Текст книги "День второй"


Автор книги: Илья Эренбург



сообщить о нарушении

Текущая страница: 7 (всего у книги 18 страниц)

«Сегодня, в итоге некоторых событий, выяснилось, что я осужден. Началось все с разговора о каком-то поэте-рабфаковце. Тема сама по себе незначительная. Но она послужила проверкой многого. Если Ирина после этого разговора не прогнала меня, но даже сказала о своем счастье, это доказывает, что любовь лежит в ином плане. Конечно, Ирина живет чувством. Я старше ее, и я обязан думать за нас обоих. Разговор о рабфаковце принимает первостепенное значение. То, что мне рассказала Ирина, действительно трогательно и даже глубоко. Я ей ответил чересчур резко. Возможно, что это от ревности: меня обидело, что такой рабфаковец мог ее взволновать чуть ли не до слез. Но дело не в тоне. От главного я не отрекаюсь: я глубоко безразличен к такой жизни. Что для меня этот Сенька?

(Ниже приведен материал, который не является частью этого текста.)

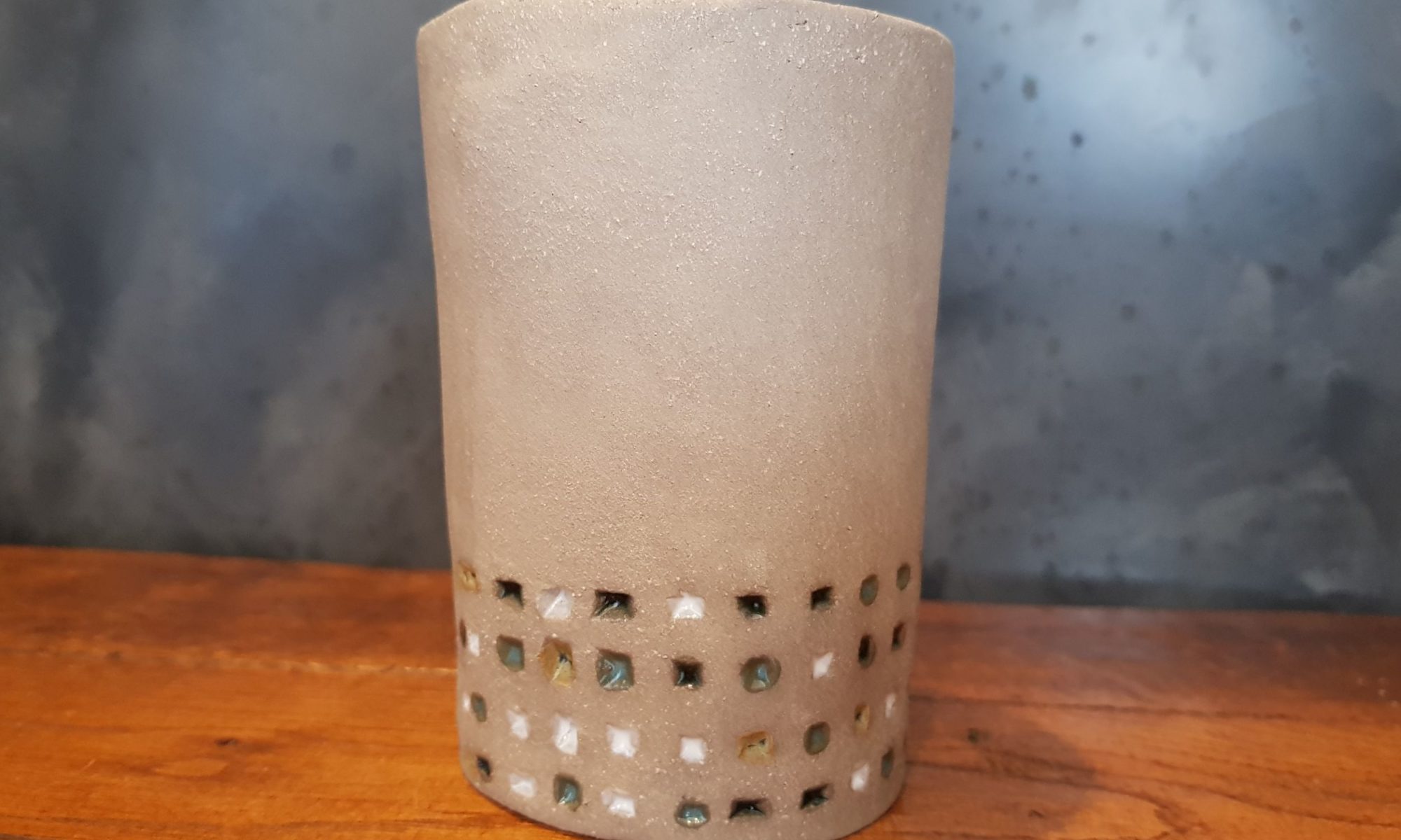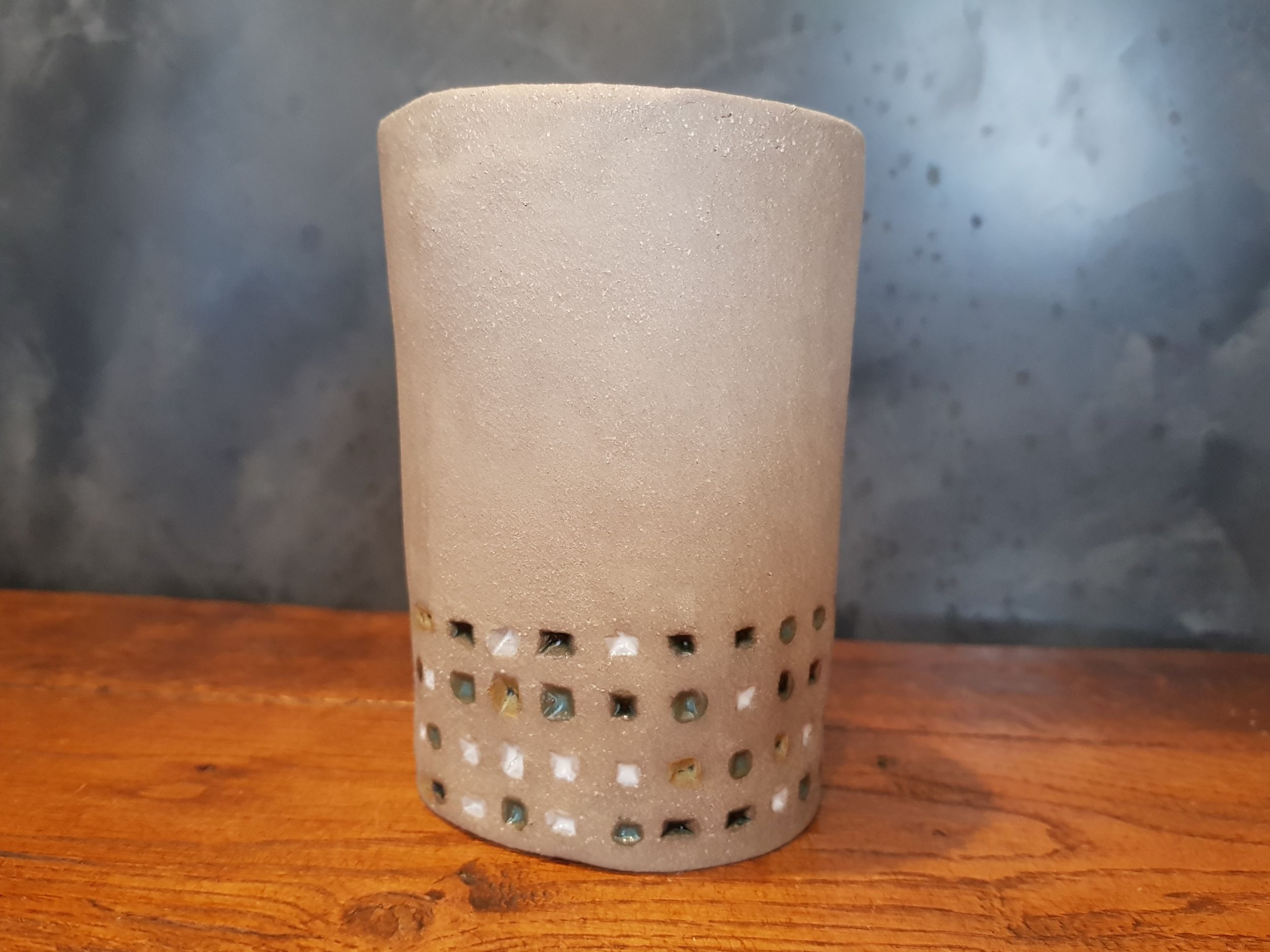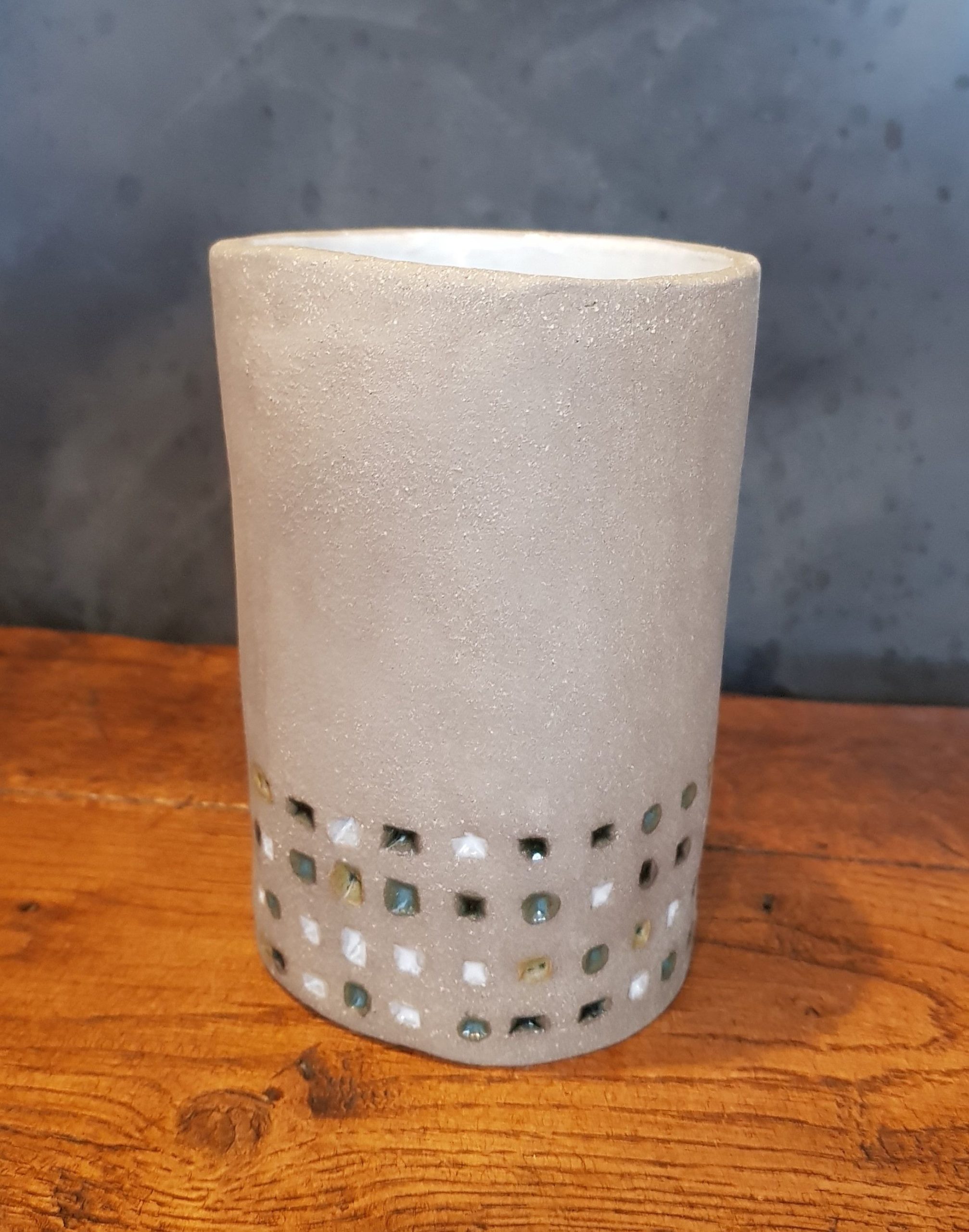 Becher Georg habe ich aus grauem Ton in Plattentechnik hergestellt und mit Prägungen versehen. Nach dem Schrühbrand wurde Georg innen weiß glasiert und die Prägungen außen vierfarbig glasiert. Der Glasurbrand erfolgte bei 1220 Grad, Georg ist daher Steinzeug. Die Glasuren sind selbstverständlich lebensmittelecht und unbedenklich. Georg kann bedenkenlos in die Spülmaschine.
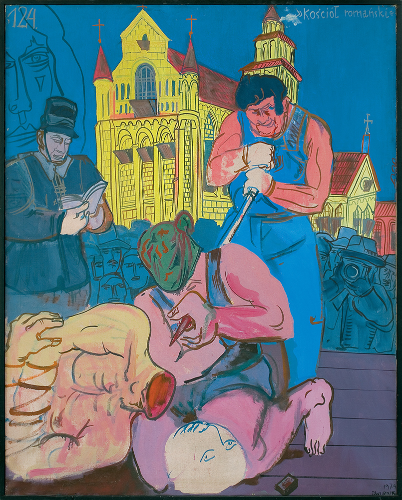 Edward Dwurnik (Radzymin 19 IV 1943 - Warszawa 28 X 2018) studiował malarstwo w ASP w Warszawie (1963-1970), jednak jako swego „mistrza“ wymienia Nikifora. Jego to prace, zobaczone po raz pierwszy w 1965, zainspirowały ówczesnego studenta III roku do narysowania pierwszych prac z cyklu „Podróże autostopem“, które kontynuował w nastepnych latach. W 1972-1978 powstawał cykl „Sportowcy“, w którym portretowane były, dodajmy - kąśliwie, typowe postaci z lat 70. Równolegle od 1975 powstawał cykl „Robotnicy“, który kulminował w okresie „Solidarności“ 1980-1981. Za prace z tego cyklu Dwurnik otrzymał w 1981 Nagrodę Krytyki Artystycznej im. Cypriana Kamila Norwida, natomiast za obrazy z cyklu „Warszawa“ (1981), proroczo zapowiadające stan wojenny - Nagrodę Kulturalną „Solidarności“ podziemnej w 1983. W latach 80. malarstwo Dwurnika przybrało wyraz ekspresyjny i dramatyczny. Powstające w tej dekadzie obrazy miały niejednokrotnie wymowę polityczną, przybierały też kostium historyczny, tak czy inaczej odnoszący się do współczesnych spraw i realiów. Cykl „Droga na Wschód“ (1989-91) upamiętniał ofiary stalinizmu, natomiast cykl „Od Grudnia do Czerwca“ (1990-94) - ofiary stanu wojennego. Zarówno ideowe, jak i czysto malarskie walory tych prac przyniosły artyście ogromne uznanie, zarówno w kraju jak i za granicą. Jego wyrazem była prestiżowa nagroda Fundacji Coutts & Co w Zurychu (1992). W latach 90. powstają cykle będące kontynuacją „Podróży autostopem“: „Niebieskie miasta“ (od 1993) i „Diagonale“ (od 1996), jak również kompozycje nowego typu, jak widoki morskie (cykl „Błękitne“, 1992-93) czy cykl „Wyliczanka“ (1996-99). Artysta wiele wystawia, miał ok. 100 wystaw indywidualnych w Polsce i za granicą, brał też udział w licznych wystawach i festiwalach krajowych i międzynarodowych, m.in.: X Biennale Sztuki Współczesnej, Menton 1974, Documenta 7, Kassel 1982, 5th Biennale, Sydney 1985, XIX Biennale Sztuki, Sao Paulo 1987; Olimpiada Sztuki, Seul 1988. Równolegle z malarstwem uprawiał rysunek, collage, grafikę warsztatową (litografia, techniki metalowe, kserografia, stemple) i użytkową (ilustracja, plakaty do własnych wystaw indywidualnych).

Нечто вроде Рожкова, который сейчас лежит рядом со мной. Разве я могу поручиться, что Рожков не пишет стихов? Отнюдь нет. Это вовсе не звери. Это люди. Но это люди иного класса, а следовательно, иного душевного возраста. В чем я их упрекаю? Только в том, что они младенцы. Официально им двадцать лет, и они «строители новой жизни». По моим соображениям, им от трех до семи лет, и они учатся грамоте. Это не мои сверстники, и мне с ними нечего делать.

Тетка говорила, что отец тоже не мог ни с кем ужиться. Он все время ругал губернатора, чиновников, купцов и пр. Но он жил среди подобных себе. Он был несколько честней их и поэтому возмущался несправедливостью. Он мог работать. Он мог не соглашаться и спорить – ему было с кем спорить. Я работал на заводе. Учусь. Буду, наверно, честным спецом. Но все это навязано мне извне. Сердцем я никак не участвую в окружающей меня жизни. Искренне я пишу только дневник.

Живи я сто лет тому назад, я был бы вполне на месте. Я тоже презирал бы людей. Но это были бы существа моей породы. Нельзя презирать пчел или дождь. Притом я не имею никаких прав на презрение. Будь у меня поэтический талант или хотя бы воля, достаточная, чтобы совершить какой-нибудь безрассудный поступок, я был бы вправе презирать всех этих Рожковых. Но, видно, я заурядный человек. По классовому инстинкту или по крови, или, наконец, по складу ума я привязался к культуре погибающей. Значит, для стройки я непригоден. В горном деле это, кажется, называется «пустой породой». Она не стоит разработки. Конечно, в иную эпоху человек мог любоваться горными вершинами, не думая, выйдет ли из этого ландшафта хороший чугун. Лермонтов на Кавказе отыскал не руду, но демона. Что же, для всего свое время! Владимир Сафонов осужден историей, как несвоевременный феномен. Ему остается ждать другого суда, менее эффектного. Во всяком случае, впереди у меня мрак. Отсюда прямой вывод: я не имею права губить Ирину.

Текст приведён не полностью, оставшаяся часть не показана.